Darkchilde wrote:They are used by the search engines to gather data, about links, words etc.
rustyness wrote:Darkchilde wrote:They are used by the search engines to gather data, about links, words etc.
To elaborate, commonly they'll start on a web page, cache the page and save every link on that page. They then visit a random sample of the links to other web pages or web site. As they visit other pages, the process starts again and they cache the new pages. The bots 'spider' out across the web, caching many web sites.
This is why the more links to your web site, the more often a bot is likely to visit and cache your web site and hence the higher ranking the web site is on Google's search rankings. They also compare the links on the page to the page's content and the content of the page that the link points to so that they can check how relevant the link is. More relevant links will also rank higher in search engines. If, for example, you had 100 photography web sites linking to your photography web site, it would rank higher than another photography web site that had 5000 links from, say, estate agents and online cooking courses.
Dudely wrote:rustyness wrote:Darkchilde wrote:They are used by the search engines to gather data, about links, words etc.

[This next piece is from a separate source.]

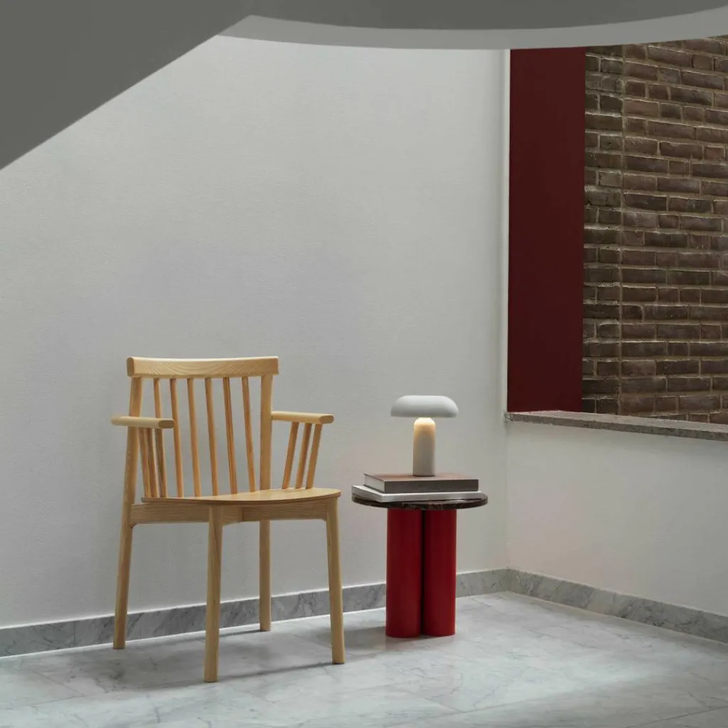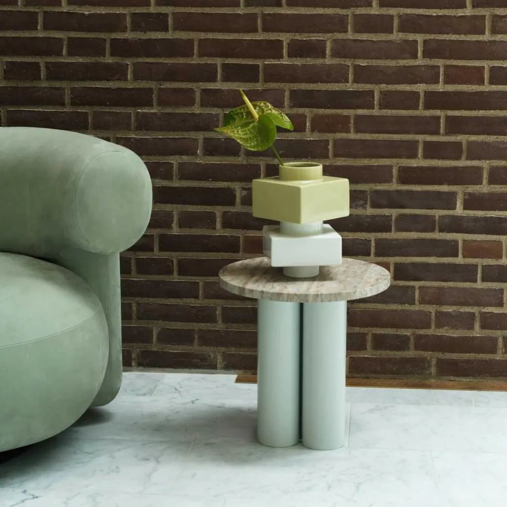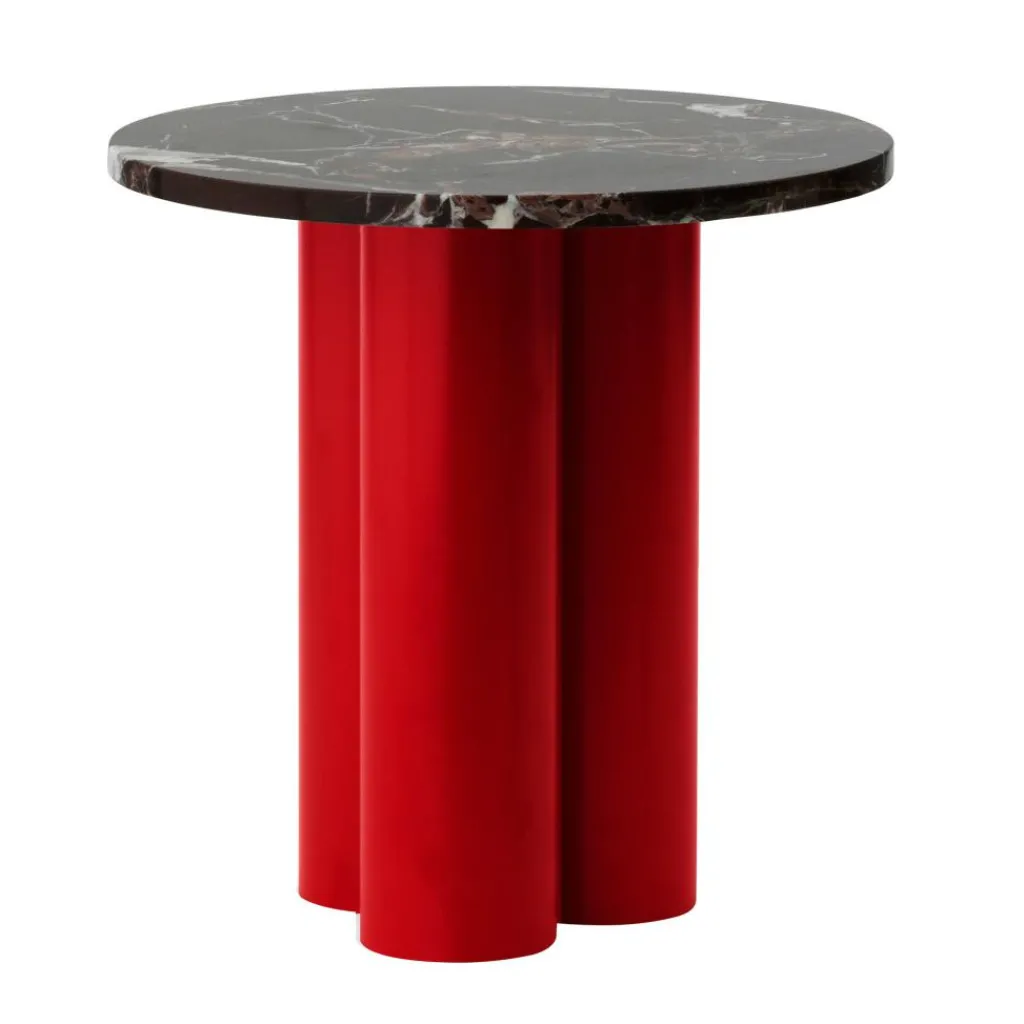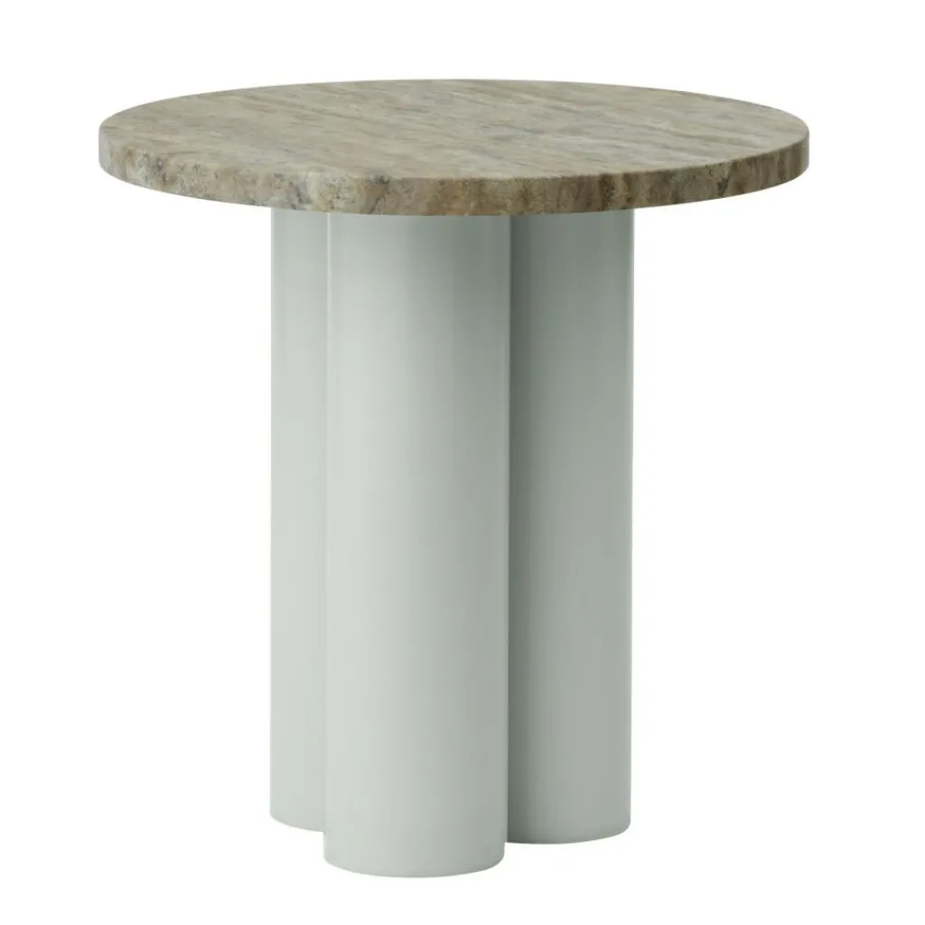 Mit ausdrucksstarken geometrischen Formen spielt der Dit Beistelltisch. Das schlichte Gestell ist aus drei dicken zylinderförmigen Stahlbeinen zusammengesetzt. Eine Pulverbeschichtung macht die Oberfläche robust. Die aus Stein gefertigte Tischplatte bildet einen ansprechenden Kontrast zum Metallgestell. Es gibt Varianten aus Travertin- oder Rosso-Levanto-Stein. Da die Oberfläche eine faszinierende Maserung aufweist, ist jeder Dit Beistelltisch ein Unikat. Schmutz und Staub werden mit einem feuchten Tuch von der Tischplatte entfernt. PH-neutrale Reinigungsmittel können ebenso verwendet werden.

To elaborate, commonly they'll start on a web page, cache the page and save every link on that page. They then visit a random sample of the links to other web pages or web site. As they visit other pages, the process starts again and they cache the new pages. The bots 'spider' out across the web, caching many web sites.
This is why the more links to your web site, the more often a bot is likely to visit and cache your web site and hence the higher ranking the web site is on Google's search rankings. They also compare the links on the page to the page's content and the content of the page that the link points to so that they can check how relevant the link is. More relevant links will also rank higher in search engines. If, for example, you had 100 photography web sites linking to your photography web site, it would rank higher than another photography web site that had 5000 links from, say, estate agents and online cooking courses.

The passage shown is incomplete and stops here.